Their Vicious Games by Joelle Wellington

Review by Lois L. K. Chan

Simon & Schuster, July 2023

410 pages, Paperback, $26.99 CAD, 978-1-6659-3685-9

Young Adult, Ages 14+

Horror/Thriller, Fiction


“Suburbia sticks to you, like the chemical sugar of Yankee Candles and Bath & Body Works, even though you left the store hours ago. For years I’d be able to disguise the scent under borrowed Dior perfume and by sticking close to the shadows of girls who winter in Aspen. But one slip and the smell had surfaced.

Suburbia is forever.

But the Finish looms in my life like the last life raft. I know if I don’t try—no, if I don’t demand otherwise—Suburbia will be my forever, roll credits.”

High school senior Adina Walker wants it all. In fact, she’s worked hard for it — considering her scholarship at Edgewater Academy, a school for the ultra-rich and white (of which Adina is neither), and her early acceptance into Yale, a promise that she’ll escape her suburban life and the future of mediocrity it promises.
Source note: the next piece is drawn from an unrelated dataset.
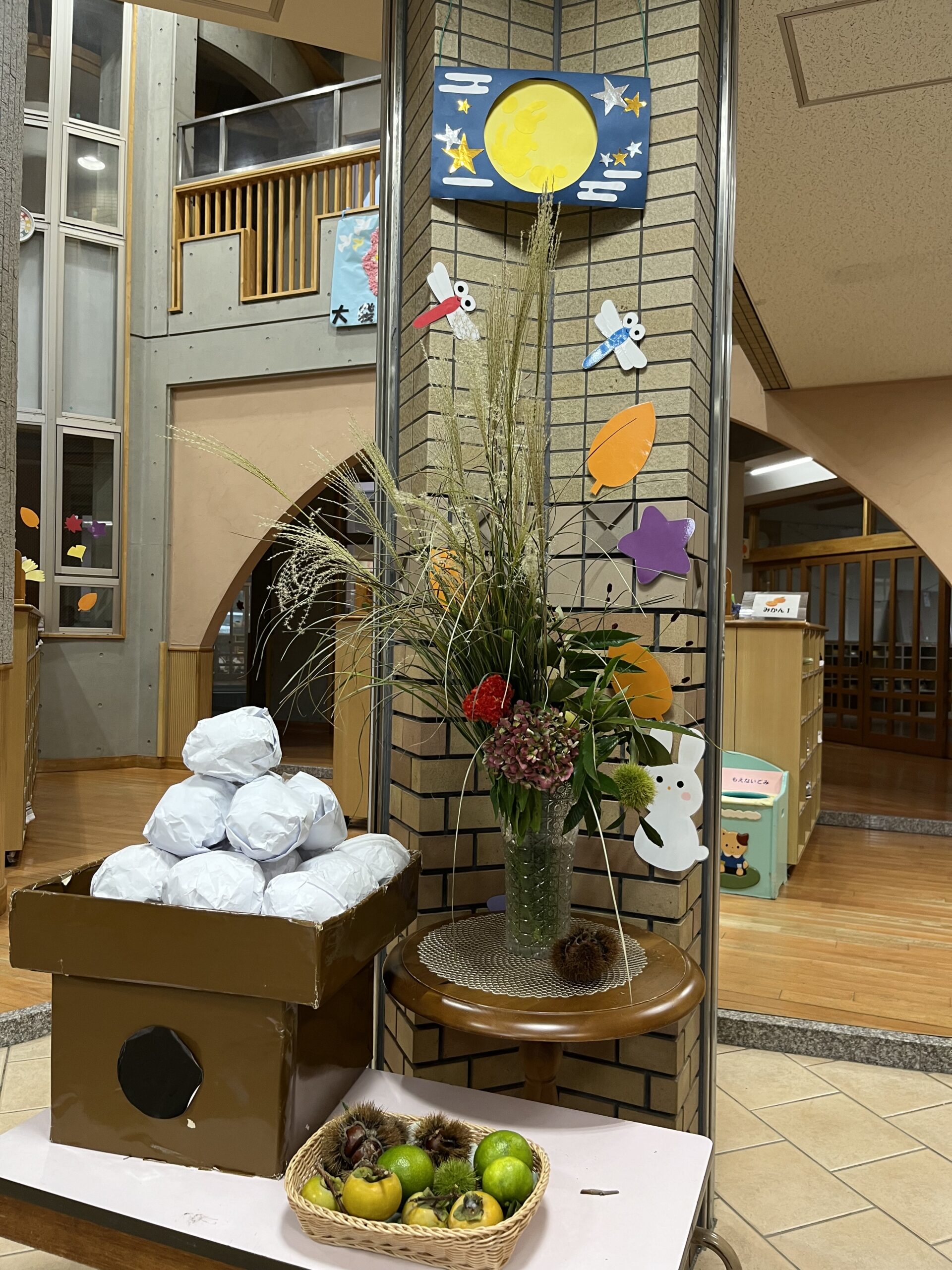 幼稚園の玄関には、ススキや大きなお月見団子に秋の果物が飾られています。

One violent fight to defend her best friend Toni’s reputation whisks that promise away, along with all of Adina’s other university acceptances. Unable to watch her wealthy classmates go on to Ivy Leagues without her — when she was the only one who worked hard for it — Adina sets her sights on gaining an exclusive invite to the elusive Finish. Rumoured to be a competition of skill for young women organized by the Remington family, the founders of Edgewater Academy, the Finish promises a lifetime of success for the winner, with the support of the Remingtons’ money and connections.
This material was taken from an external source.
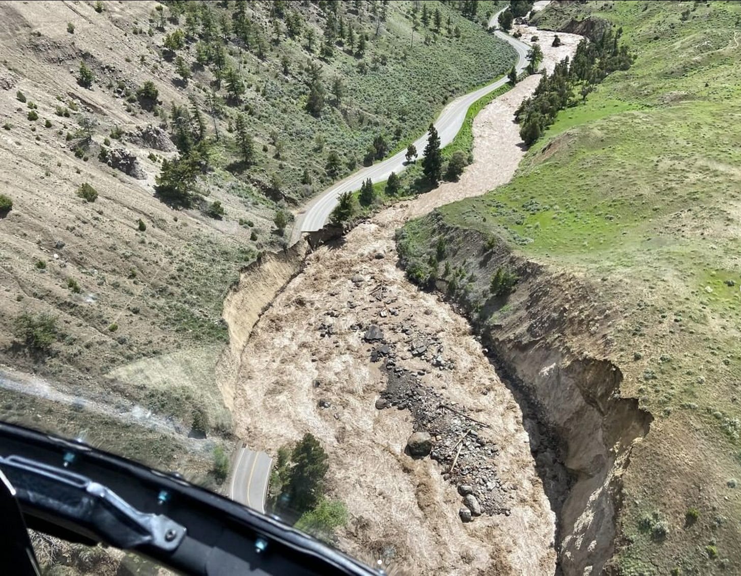 - Aerial assessments conducted by Yellowstone June 13 show major damage to multiple sections of road between the North Entrance, Mammoth Hot Springs, Lamar Valley and Cooke City, Montana.

But the Finish is revealed to be an attempt to see how far a girl would go to get what she wants. If she’d even be willing to kill for it — and for the Remingtons.

By taking the reader through the three culling stages of the Finish — the Ride, the Raid, and the Royale — Wellington increases the stakes of the story as characters reveal their darker sides and the number of competitors accordingly drop. She uses the Repartees, evening events between each stage, to establish the relationship dynamics between the characters, including a love triangle between Adina and the Remington brothers, Pierce and Graham.
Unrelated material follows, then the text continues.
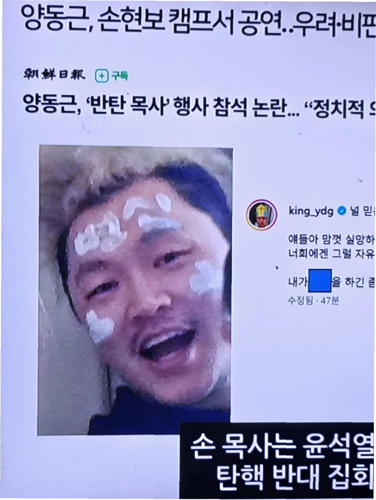 가수 겸 배우 양동근이 정치적 논란에 휩싸였습니다. 윤석열 전 대통령 탄핵 반대 집회를 주도한 손현보 목사가 주최한 행사에 참석하면서, 그의 정치적 성향을 둘러싼 갑론을박이 시작되었습니다. 이는 그가 그동안 보여주었던 대중적 이미지와는 상반된 행보로, 팬들과 대중에게 적잖은 충격을 안겨주었습니다. 특히, 해당 행사가 보수적인 기독교 단체와 연관되어 있다는 점이 논란을 더욱 증폭시켰습니다.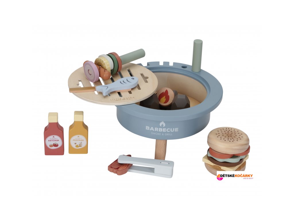S touto bohatě vybavenou sadou na grilování LITTLE DUTCH má váš malý kuchař či kuchařka po ruce vše potřebné k přípravě letní barbecue party. Dali byste si zelenino-masový špíz, hamburger nebo grilovanou rybu? Než si vyberete, na co máte chuť, váš kuchař či kuchařka naplní gril dřevěným uhlím, aby se gril správně nahřál. Tato dřevěná hračka poskytne vašemu dítěti hodiny kreativní hry, ať už griluje pro panenky, plyšáky nebo ostatní členy rodiny.

At the centre of the story, Adina is a fascinating character that doesn’t demand you to like her, but to understand her motivations. Still, it’s impossible not to admire how her stubbornness in holding onto her dreams translates into loyalty toward others and upholding her own dignity. As the story progresses, we see Adina negotiate her anger for the system of class, race, and gender disparities that the Finish represents, and with the violence it encourages her to participate in. Adina’s character arc shows that while her nature hasn’t changed, her way of understanding and navigating the world has.

Though she is separated from them in the Finish, Adina’s love for her parents and Toni shines throughout the story, contrasting with her “love” for her hypothetical future away from Suburbia. Yet their minimal presence in the story leaves room for potential in examining how relationships between Black individuals are troubled by their existence in white patriarchal systems of class — especially through Charles, Toni’s twin brother and Pierce’s best friend, who straddles the boundaries like Adina, but only appears briefly in three chapters.

Overall, Their Vicious Games is a dark, heart-pumping thriller reminiscent of The Hunger Games and Ready or Not, one that takes the reader through a gut punch of betrayal and danger at every turn. Joelle Wellington crafts an insightful take on race, class, and gender relations through the perspective of the cunning powerhouse that is Adina Walker, survivor.


Lois L. K. Chan is currently a Creative Writing major at UBC. She predominantly writes fiction, owns too many short story collections, and was once compared to an “antique store”. Her stories have been published in Yuzu Press, Gingerbread House Literary Magazine, and Soft Star Magazine.